We stated earlier that every set of two variables corresponds to one motor, so in this first example, we've got all four motors going full speed (255) forward, and off in the backward direction (0), and so our robot will drive forward! When you're wiring up your motors, be sure to follow the same wiring pattern we follow in our video if you'd like your code to match ours in terms of your robot's direction.


Part Three: Let's upload our code!

Alright, now that we have our first simple example written, it's time to upload it to our ESP32! The first step will be making sure we have the ESP32 connected to the IDE properly. To do that you'll want to head back over to the tools tab, and check on a few things.

First things first, under the "board:" make sure you select the "DOIT ESP32 DEVKIT V1". The upload speed, flash frequency and debug level are standard, and shouldn't need to be changed. The last important thing to check is that under the port menu, you take the time to click on the com port that your ESP32 is using.
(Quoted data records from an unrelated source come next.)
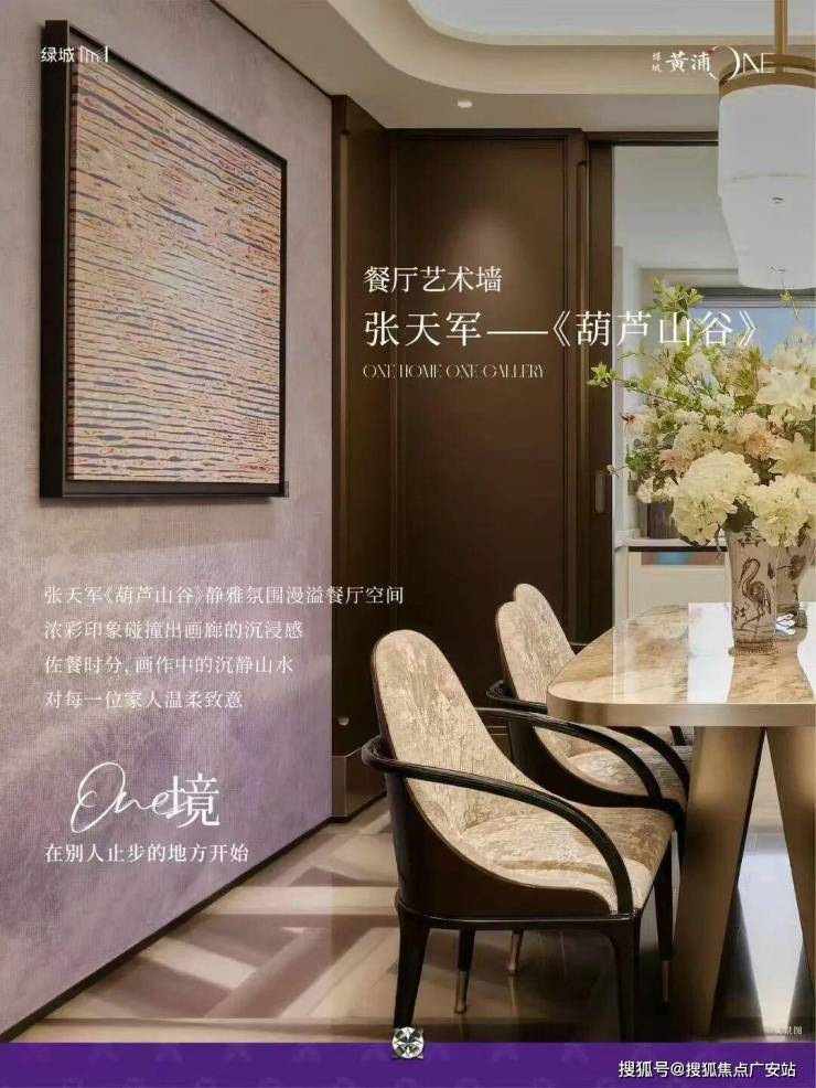 走进室内,艺术感更显细腻:餐厅一侧墙面点缀着张天军《葫芦山谷》系列独家共创画作;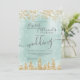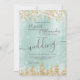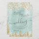 Hora de comemorar seu tema de casamento da terra maravilhosa do inverno com este luxo flocos de neve com brilho dourado faíscas e floresta de pinheiros dourados em um elegante festivo fundo metálico verde azul-gelo, com uma tipografia moderna e legal.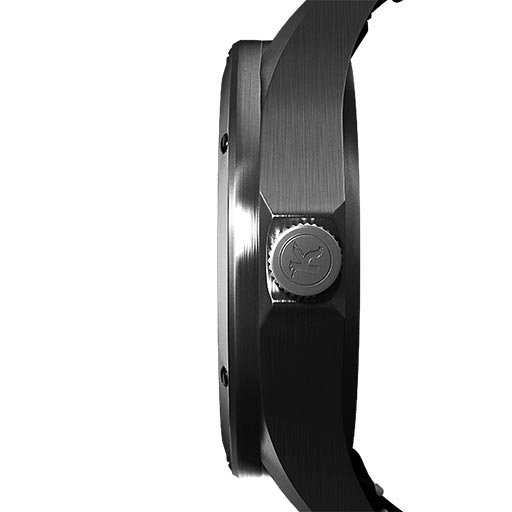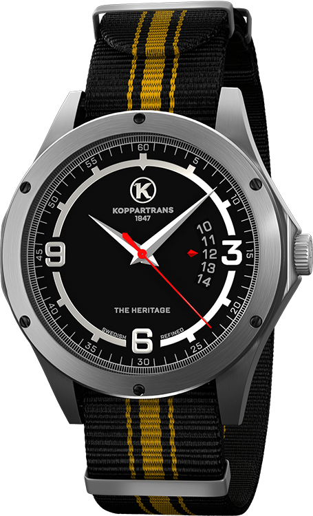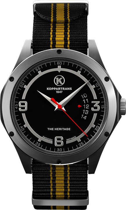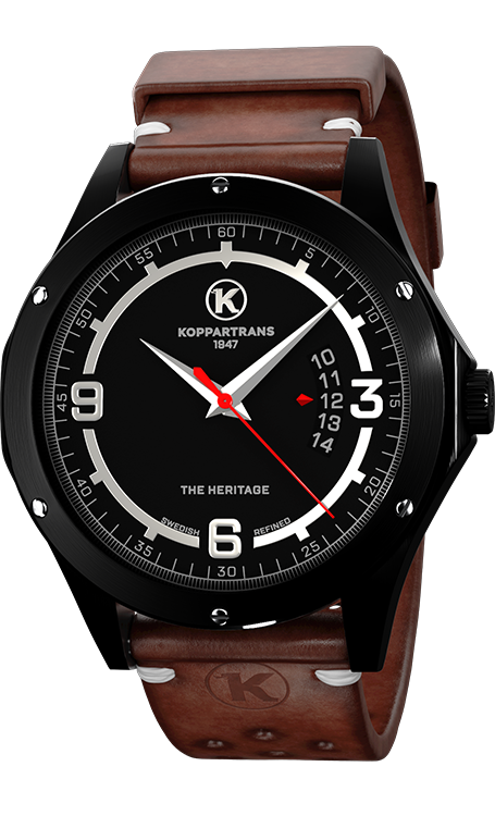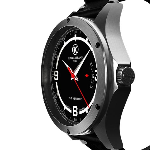 The powerful logo has been transformed into the dial of the watch. The circle in the dial has been adjusted to give space for the figures 3, 6 and 9. Note that the dates are shown in the unique window shown by the edge of a red arrow symbolizing the red tounge in the Koppartrans logo. The case is inspired by a fuel cap and the rims with it's nut bolts.

The number of your COM port will more than likely be different than the one listed here, which is no big deal. The most important thing is that you see the small check mark next to the COM port.


Once you have that all figured out, it's time to hit the "upload" button to send over your code! This is the button with the arrow on it in the upper left hand corner of the screen. Before you do, you'll need to know about one last step, and it's really important. In order to get the ESP32 into upload mode, you have to press the "boot" button located on the board as you upload. Once you hit the upload button, you'll see a message that says "connecting..." then press the boot button, and hold it until you see the message change to "uploading..." Once you see the message change to "Leaving..." then you know your code is all uploaded and ready to go! All that's left now is testing it!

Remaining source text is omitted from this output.